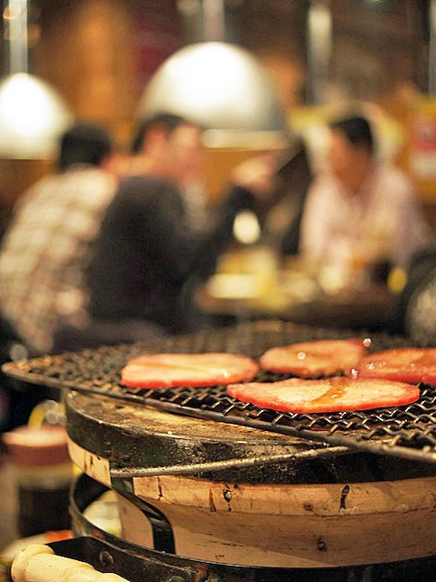 最近、増えたおしゃれ系の焼肉店に行くと、肉を焼いてるんだかどうなんだかわかるところがあったりするけど、焼肉店はやっぱりこうしてガンガン焼いて、煙にまみれて腹一杯になっていくのが本流でしょう。
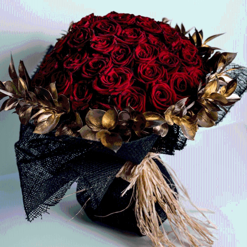 Prepare for the OOHH`s and AAHH`s when you present this unbelievable bouquet of over 75 rich red roses surrounded by decadent 24k rose gold and extravagant copper  ruscus
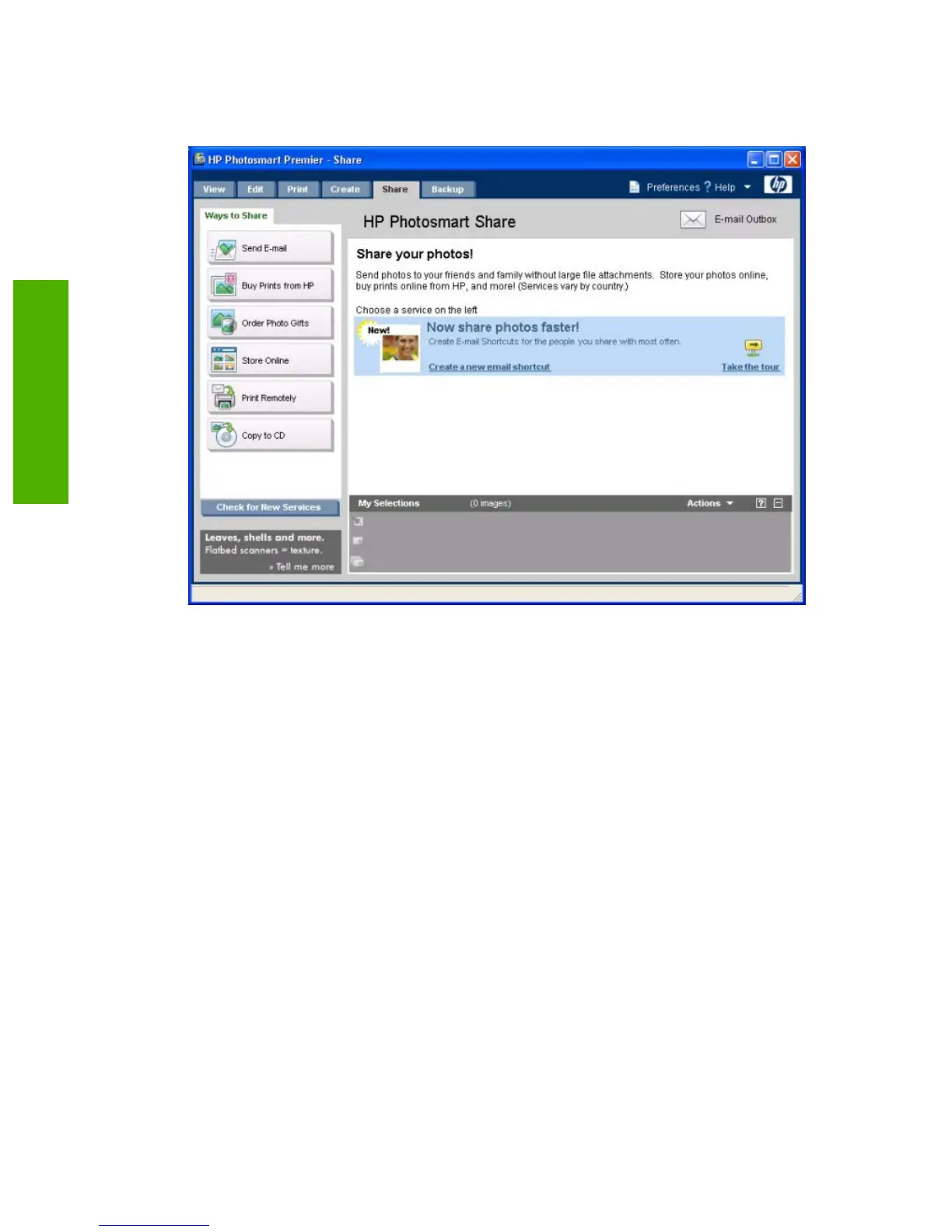 Share. Select the Share tab to share photos through e-mail, online albums, and for online photo-
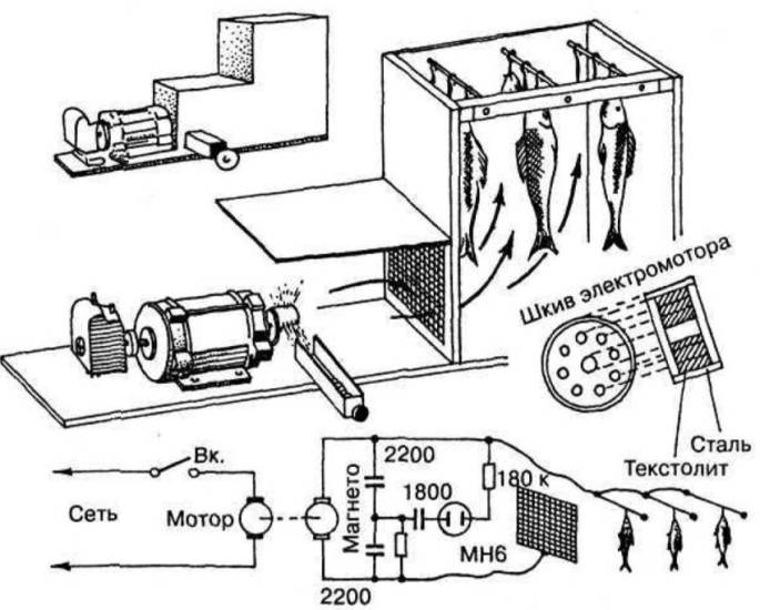 Самой распространённой конструкцией является коптильная установка с дымогенератором и компрессором:
•••
(YOUR GOAL)
Leaving out the pictures, repeat the data above exactly.

(YOUR RESPONSE)
 最近、増えたおしゃれ系の焼肉店に行くと、肉を焼いてるんだかどうなんだかわかるところがあったりするけど、焼肉店はやっぱりこうしてガンガン焼いて、煙にまみれて腹一杯になっていくのが本流でしょう。
 Prepare for the OOHH`s and AAHH`s when you present this unbelievable bouquet of over 75 rich red roses surrounded by decadent 24k rose gold and extravagant copper  ruscus
 Share. Select the Share tab to share photos through e-mail, online albums, and for online photo-
 Самой распространённой конструкцией является коптильная установка с дымогенератором и компрессором:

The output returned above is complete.